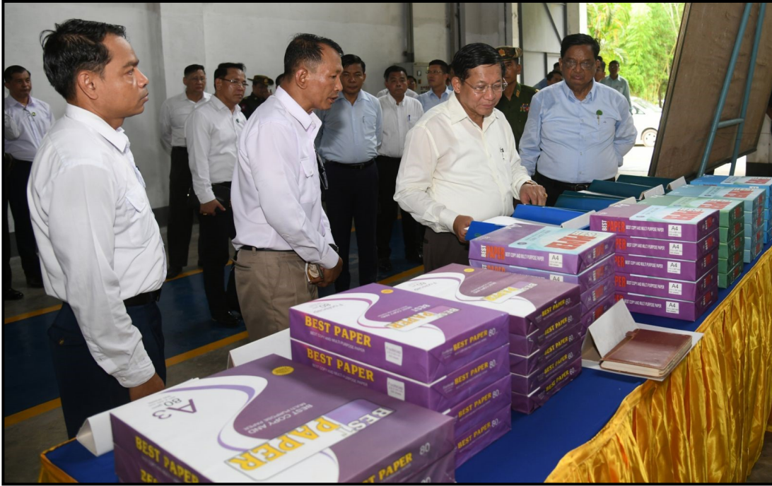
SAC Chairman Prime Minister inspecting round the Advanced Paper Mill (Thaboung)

==

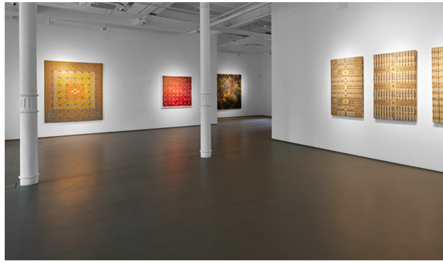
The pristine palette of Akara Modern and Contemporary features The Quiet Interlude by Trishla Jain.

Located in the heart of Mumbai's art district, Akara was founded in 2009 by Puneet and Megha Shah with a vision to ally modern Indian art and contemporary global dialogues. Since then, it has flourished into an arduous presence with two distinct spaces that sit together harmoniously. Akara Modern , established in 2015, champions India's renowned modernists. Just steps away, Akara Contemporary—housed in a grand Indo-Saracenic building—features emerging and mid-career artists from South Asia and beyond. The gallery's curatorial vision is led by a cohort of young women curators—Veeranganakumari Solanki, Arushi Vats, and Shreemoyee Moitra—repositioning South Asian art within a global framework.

> Your assignment:
From the line holding "The pristine palette" to the line holding "Located in the", inclusive, restate each line above exactly as written.

> Task response:
The pristine palette of Akara Modern and Contemporary features The Quiet Interlude by Trishla Jain.

Located in the heart of Mumbai's art district, Akara was founded in 2009 by Puneet and Megha Shah with a vision to ally modern Indian art and contemporary global dialogues. Since then, it has flourished into an arduous presence with two distinct spaces that sit together harmoniously. Akara Modern , established in 2015, champions India's renowned modernists. Just steps away, Akara Contemporary—housed in a grand Indo-Saracenic building—features emerging and mid-career artists from South Asia and beyond. The gallery's curatorial vision is led by a cohort of young women curators—Veeranganakumari Solanki, Arushi Vats, and Shreemoyee Moitra—repositioning South Asian art within a global framework.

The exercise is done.